The thing about email is that there's so much of it.
This means that you are confronted on a daily basis with more and more words and phrases than you ever were before. It also means that those words and phrases that truly aggravate are thrust at you with excessive regularity.
Until you really don't feel very good about the person who wrote them.
So in order to allow you to be as lovable an entrepreneur as you truly are, here's a short list of words that should be hexed from your business communication. (Well, at least I think they should.)
1. Sincerely. Honestly, why do people do this? It's like those who begin sentences with "Honestly." You know they're writing it precisely because they don't mean it. They want you to believe that they're sincere, when they have all the sincerity of "I love you" during sex on a first date. I know you want to sound as if you mean it. So sound as if you mean it. Don't use words that are fake. I mean it.
2. Catching Up. Oh, we've all done this. I know we have. But you're not catching up. You want something. You want something badly and the person you're writing to (for the third time) hasn't replied. "Catching Up" is like your supermarket checkout man saying: "Hi! How are you?!" He doesn't care. He just wants you to transact and scram. Perhaps, instead of "Catching Up" you might try "Hurry Up!" and see how that goes.
3. Hope This Finds You Well. Why shouldn't I be well? Have you heard that I'm not? Do I have a reputation for instability? If I've got a cold, is this going to mess with whatever it is you're pestering me about? It's always people who don't know me who want me to be well. People who know me know that I never will be. They just get on with it, or at least find an original joke/quip/picture/insult that somehow makes the communication go, well, sincerely.
4. Happy Monday/Tuesday/Wednesday. Show me one person on earth who's happy on a Monday and I'll show you a chef de cuisine who's finally got a day off. Why do people need to remind me what day it is? I know (Well, usually). And why do they associate the word "happy" with the early days of the week? Yes, I can grasp that people want me to be happy, but how can I be happy when you've just reminded me that it's Monday?
5. Circle Back. This is like "Catching Up," but without the merest tinge of humanity. Who on earth, in a world in which they have a choice, would want to go back in circles? The thought of someone circling me reminds me of hawks outside my window that are desperate for a lunchtime ratburger. You didn't get what you want, so you're going to hover overhead like a police drone until you do. Please don't.
6. You're Going To Love This. I see this phrase quite a bit when people are trying to sell me something in an email.
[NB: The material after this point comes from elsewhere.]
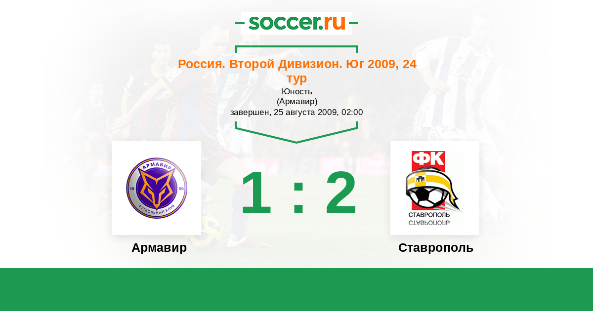 Россия. Вторая лига. Группа 1 07.05.2009 Ставрополь Логотип футбольный клуб Ставрополь 1:0 Логотип футбольный клуб Торпедо Армавир Торпедо Армавир

It's uncanny, their access to my love compartment. It truly is. I know that when sommeliers are trying to sell you wine, they want to tell you what you're about to taste, so that you, weak-willed human that you are, are going to taste exactly those things or look a touch silly. But in business this doesn't work. It just makes you sound like a sleazy car dealer. (Yes, there are other kinds.)
7. I'd Like To Pick Your Brain. At what point will those who write dictionaries simply translate this as "I Want You To Give Me Your Thinking For Free"? Every time I read that someone wants to pick my brain, I know I'd rather pick the nostrils of a herd of cattle, rather than reply to the email.
I am conscious that I may have sounded a touch irascible in this column.
You see, I had this nightmare. My brain had been picked to such a degree that the remaining elements of it housed only the collected works of the Stranglers. Scores of people simultaneously hoped I was well with such vehemence that it made me infirm. People I didn't know told me I'd feel love and all I got was a throbbing eyeball. I felt as if people were chasing me, but never quite catching up. There were people circling backwards over my head.
Still, tomorrow will be a Happy Thursday. Sincerely.